There was no change to Starbuck's aggressive expansion plan, which aims to add 12,000 new locations over the next five years to boost its store base by 50% by 2021. That works out to a significantly faster annual pace: 2,400 per year compared to the 2,000 restaurants it opened in 2016.
A huge chunk of that growth will come from just one market: China. Starbucks wants to more than double its total there, which means that country should account for about 25% of its total global expansion over the next five years.
The more mature U.S. segment should grow, too, but it will be less of an all-out land grab. Instead, Starbucks will be emphasizing tweaks like adding drive-thru operations to existing shops and opening up tons of its smaller-footprint concepts.
Starbucks continues to target earnings growth of between 15% and 20% each year through 2021, even though sales should tick up at a slower pace. That puts the pressure on expanding profitability to close the gap.
Its results were mixed on this score last quarter. Operating margin jumped by nearly two percentage points to 21% of sales in the China region and by a full percentage point to 17% in its European division. As usual, the channel development segment was the real standout as profitably soared by more than 6 percentage points to 44% of sales.
But operating margin declined in the core U.S. region, dropping to 24% of sales from 25% as the company increased wages for its baristas. That slump kept a lid on overall profit margin, which ticked up to 19.8% of sales from 19.7% a year ago.
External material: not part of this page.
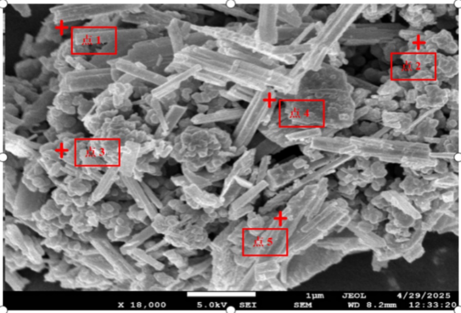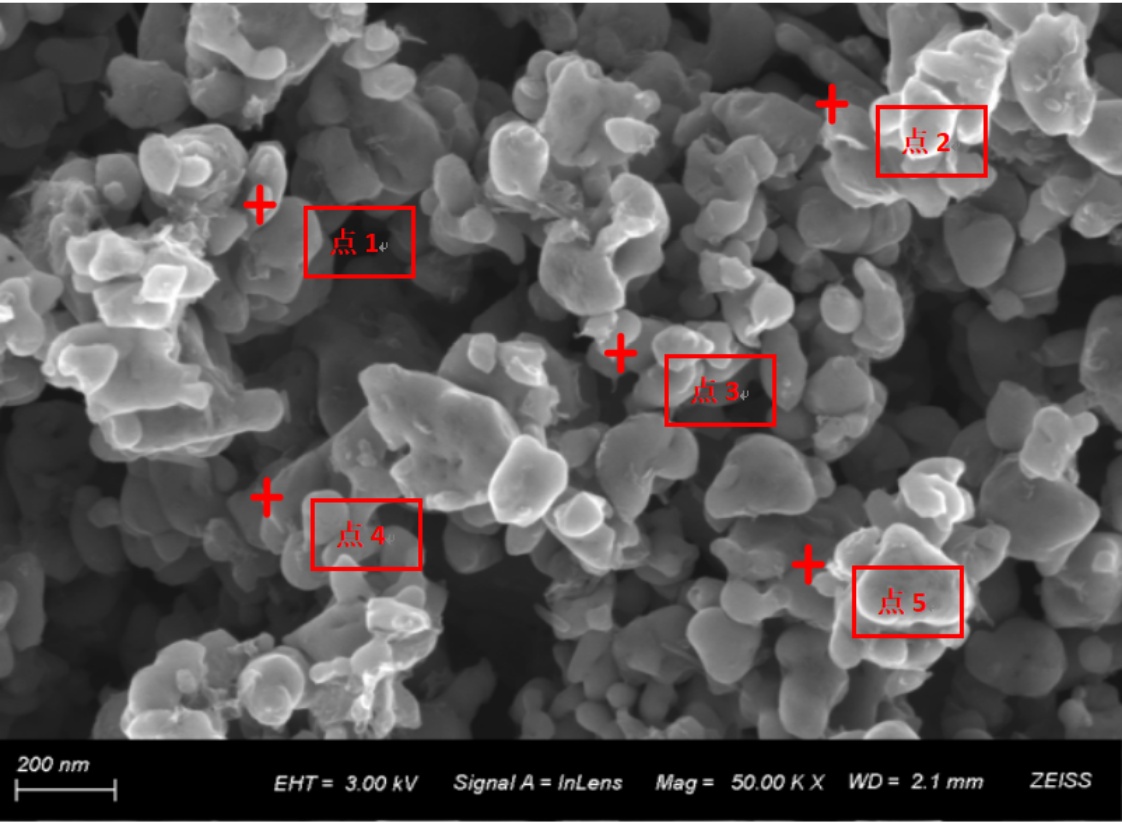 通过对图9同一批次产品磷酸锰铁锂进行不同点位电子图像(SE) 1~5进行EDS点扫,得出数据Mn含量在19.43%~19.51%,Fe含量在13.77%~13.84%之间,Mn、Fe波动 < 0.1%,磷酸锰铁锂正极材料实现了原子级别的均匀分布。

Ultimately, Starbucks began the year slightly below its long-term plan in both the top- and bottom-line metrics. Revenue improved 7% and earnings per share rose 11%. That short-term result is no reason for investors to panic, especially given that the company is outgrowing competitors and has a huge global growth runway ahead. Still, it will be worth investors' time to watch this year's sales and profit trends for signs that the long-run outlook is shifting.